Don’t you just love reading surveys? Apparently all of our political leaders have a negative popularity rating or – my personal favourite from recent years – most under 10s think Simon Cowell is more famous than God or the Queen.

There is no shortage of people asking your opinion on everything from your favourite restaurant to questionnaires asking how you’d rate a product you’ve just bought. I’ve just paid £45 for Fifa 15 – I give it three stars.

Spare us all the headlines about the BBC Price of Football survey this week – a lazy number-gathering exercise that proves very little.

At £50, the cheapest matchday ticket at Chelsea isn’t cheap, but what the survey fails to mention is the virtual impossibility of getting your hands on that ticket in the first place. Supply and demand raises the price in any other business, so why not in football?

To make the survey appear more scientific, its organisers threw in a few other matchday components into the mix – a pie, a cup of tea, a programme and a replica shirt.

AFC Wimbledon came in fairly middling in nearly every category for a League Two club. A season ticket costs £260 to £430, a matchday ticket £16 to £25, they charge a bog-standard £3 for a programme, a good value £1.30 for a cup of tea and rather mess up the whole pointless exercise by not offering a pie.

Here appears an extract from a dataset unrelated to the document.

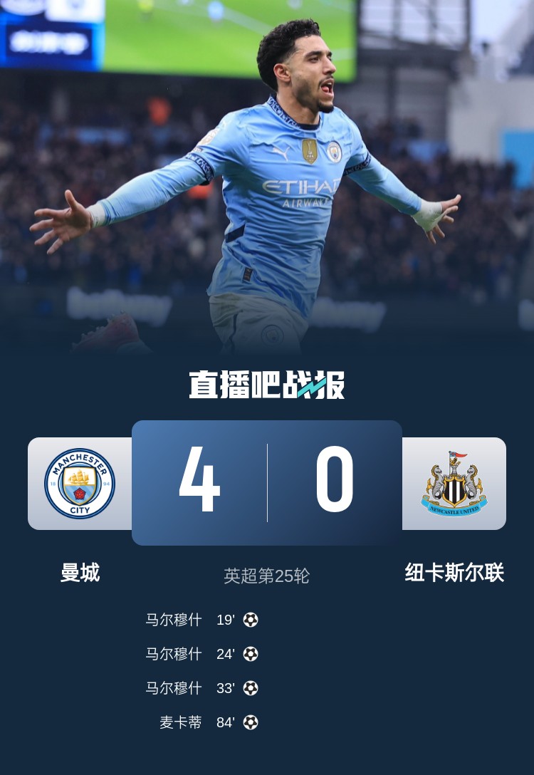 曼城本轮4-0大胜纽卡!马尔穆什戴帽!麦卡蒂打入一球。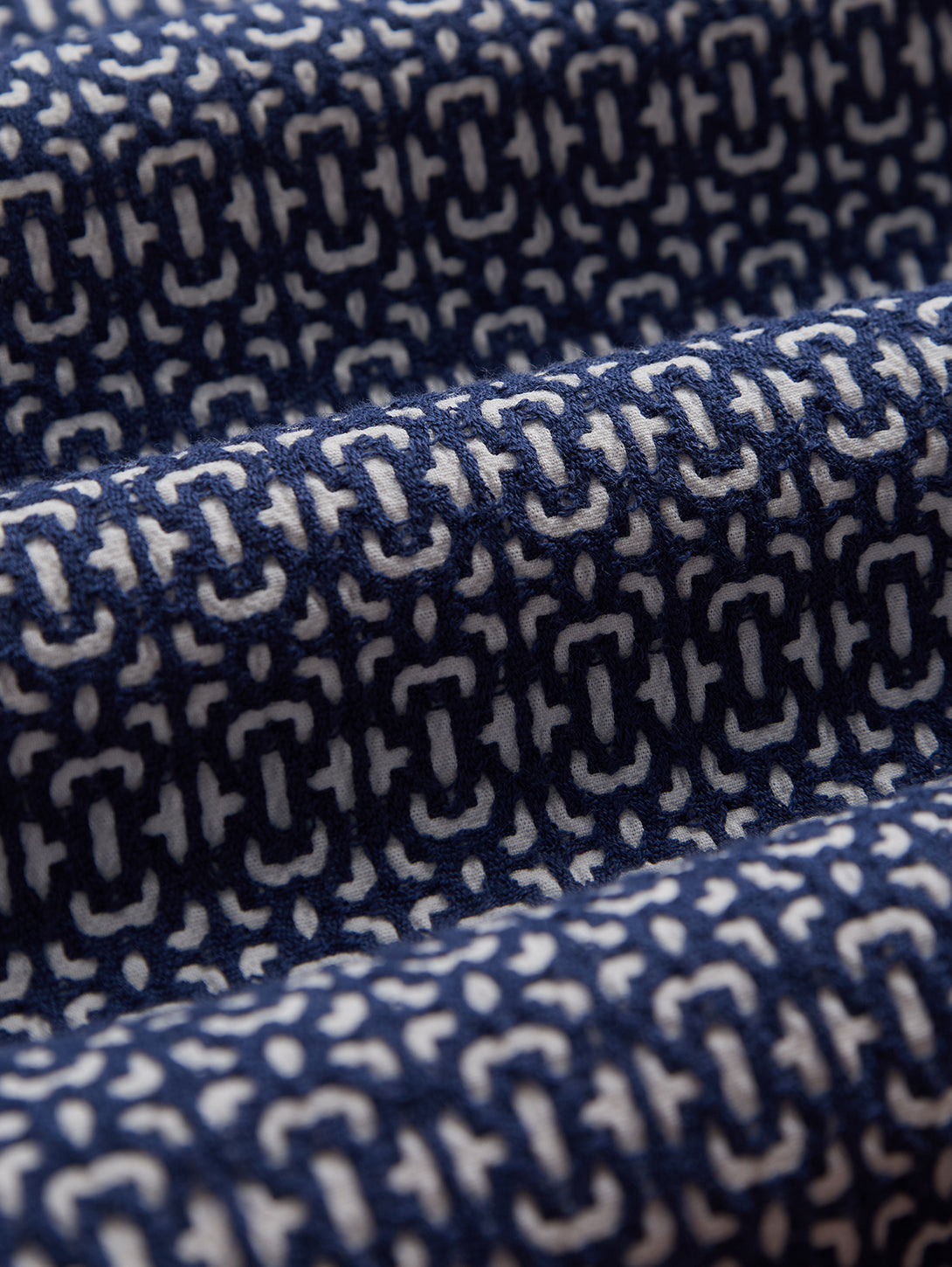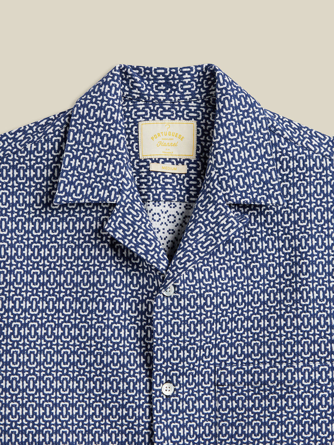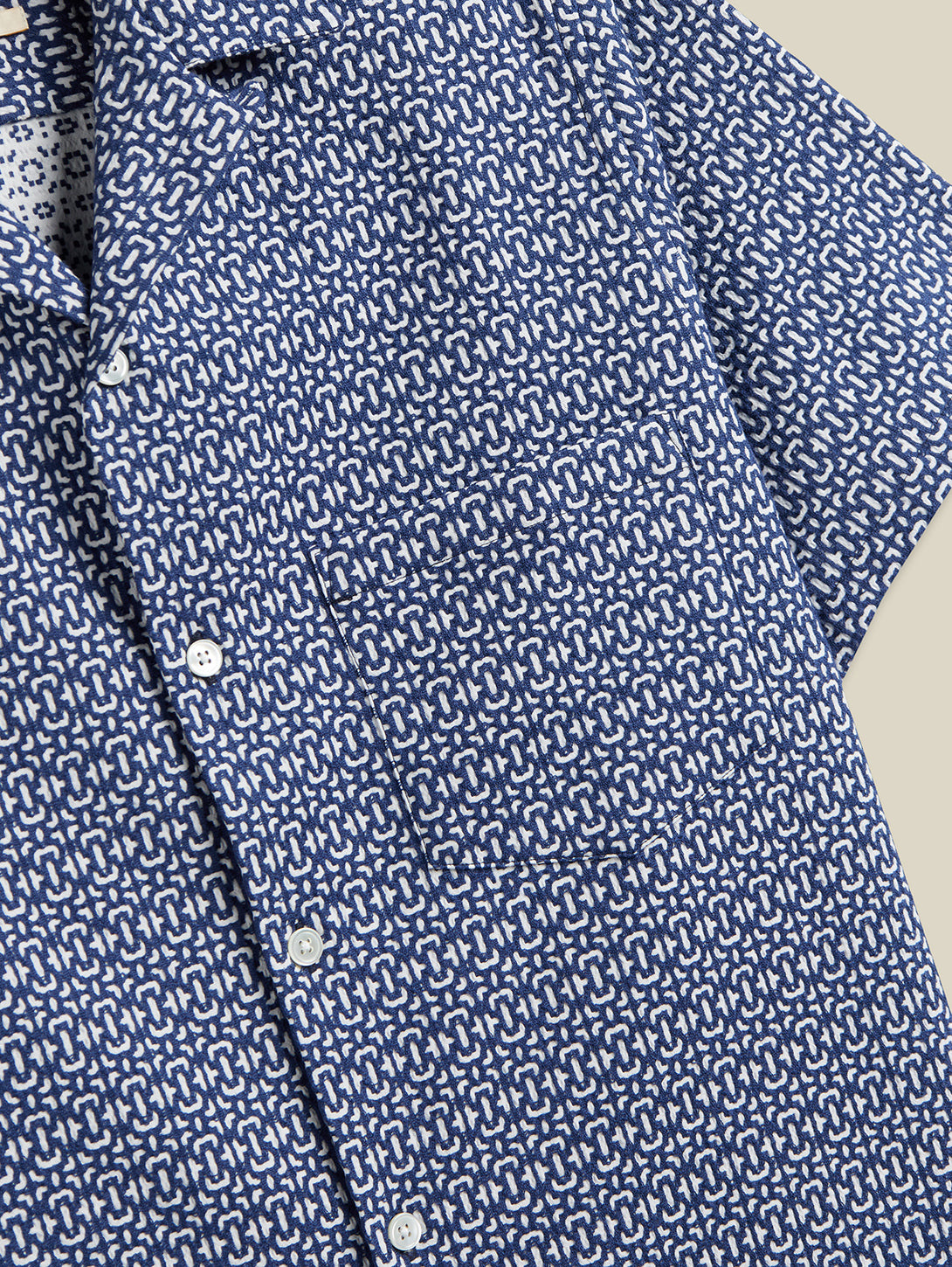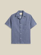A refined men's shirt featuring an abstract tile design in striking blue tones. Perfect for elevating your everyday wardrobe with contemporary style and understated elegance.

The shirt, at £45, may be the most expensive in League Two but for the extra credibility factor, an extra fiver is a small price to pay for being admired by your rival fans rather than getting the contemptuous look which would greet MK Dons attire.

But beneath the headlines come the real facts. Premier League crowds were the highest for the top flight since 1949-50 and Football League crowds overall were up by something like 135,000. So it seems more people than ever before can afford to watch the football.

Perhaps instead the BBC should have been doing a Price of Licence Fee survey. You can choose where to watch your football, you can’t choose whether you pay for that.